Having full knowledge of Nana’s purpose of visit, Mr. Rawlings turned to his guest, who sat on the next seat to his right, and almost in a tete-a-tete atmosphere said:
“I am equally privileged and honoured to receive you in this office, and I am hoping that this meeting will also send a clear signal to our supporters that we will be expecting nothing less than very vigilant, but free and fair elections, devoid of violence, in areas we may consider our strongholds.”
At this time, the two had turned the discussionsinto a friendlier one, with each talking so close and low that newsmen struggled to capture their voices on their recording gadgets, with others virtually resting their recorders on the laps of Mr.
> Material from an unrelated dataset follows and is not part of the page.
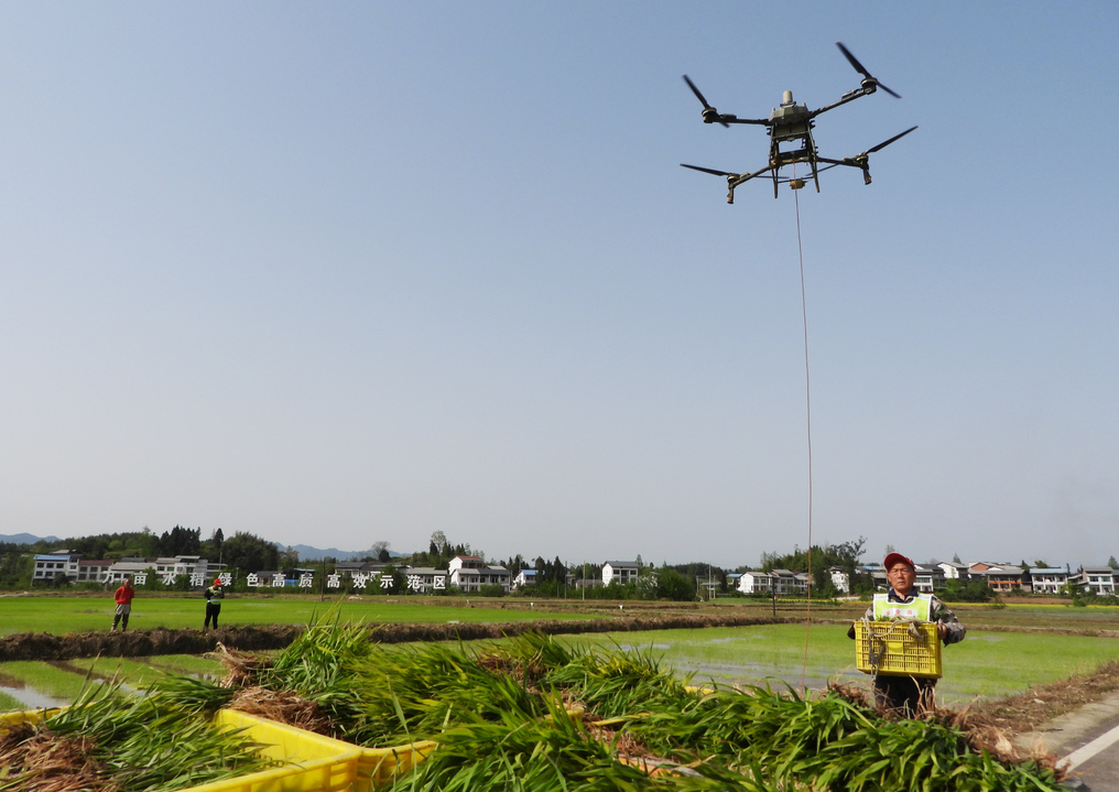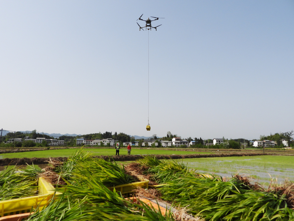 4月3日,四川省达州市,无人机将水稻秧苗从运苗车上吊起,随后将秧苗抛落到指定的田间,助力插秧作业提速增效。

Rawlings, who was speaking at this moment, but the best part of the conversation was yet to come.
“The next point I will like to draw your attention to, is that I may not be very active on the campaign trail.” Mr. Rawlings continued, “So you can be rest assured that you probably won’t be hearing the tie tia [short].”
This statement from Mr. Rawlings drew a loud laughter from all present, who understood what he really meant.
During the 2008 electioneering campaign, Mr. Rawlings often referred to Nana Addo as “that short man [tie tia],” often avoiding mentioning his name.
“That reminds me of the 2008 elections,” Nana Addo retorted, amid laughter.
Finally, Mr. Rawlings continued, assuming a more serious posture and emphasizing that what he was about saying next was his personal submission.
“While we expect either John Mahama or Nana to win this election, should you be able to win this election, can the NDC supporters enjoy the same degree of security and freedom under your government, as the NPP have enjoyed under the Mills and Mahama government?” Mr. Rawlings asked rhetorically.
Mr. Rawlings’ concern was borne out of the fact that this had been the concerns of many of his party members
“They have been very nervous, and I know what a good deal of them went through under the Kufuor regime, and that’s part of the nervousness that is creating the stress and the tension in our camp about going into opposition. There are a few other reasons for it, but at the appropriate time I will speak to those,” he said.
He added that it was important for Nana Addo and the NPP to give the necessary assurance that if voted into power, “supporters of the NDC can enjoy freedom and justice as NPP followers.”
Nana Addo, in response, assured Mr. Rawlings and the entire country of his commitment to safeguarding the basic human rights and dignity of every Ghanaian under his leadership, irrespective of their political affiliations.
“This is where we have to get to in Ghana, a situation whereby a change of power in itself doesn’t pose a threat or danger to any particular section of our society,” Nana Addo noted.
The two discussed common issues of corruption, and the need to deliver Ghanaians from the shackles of poverty.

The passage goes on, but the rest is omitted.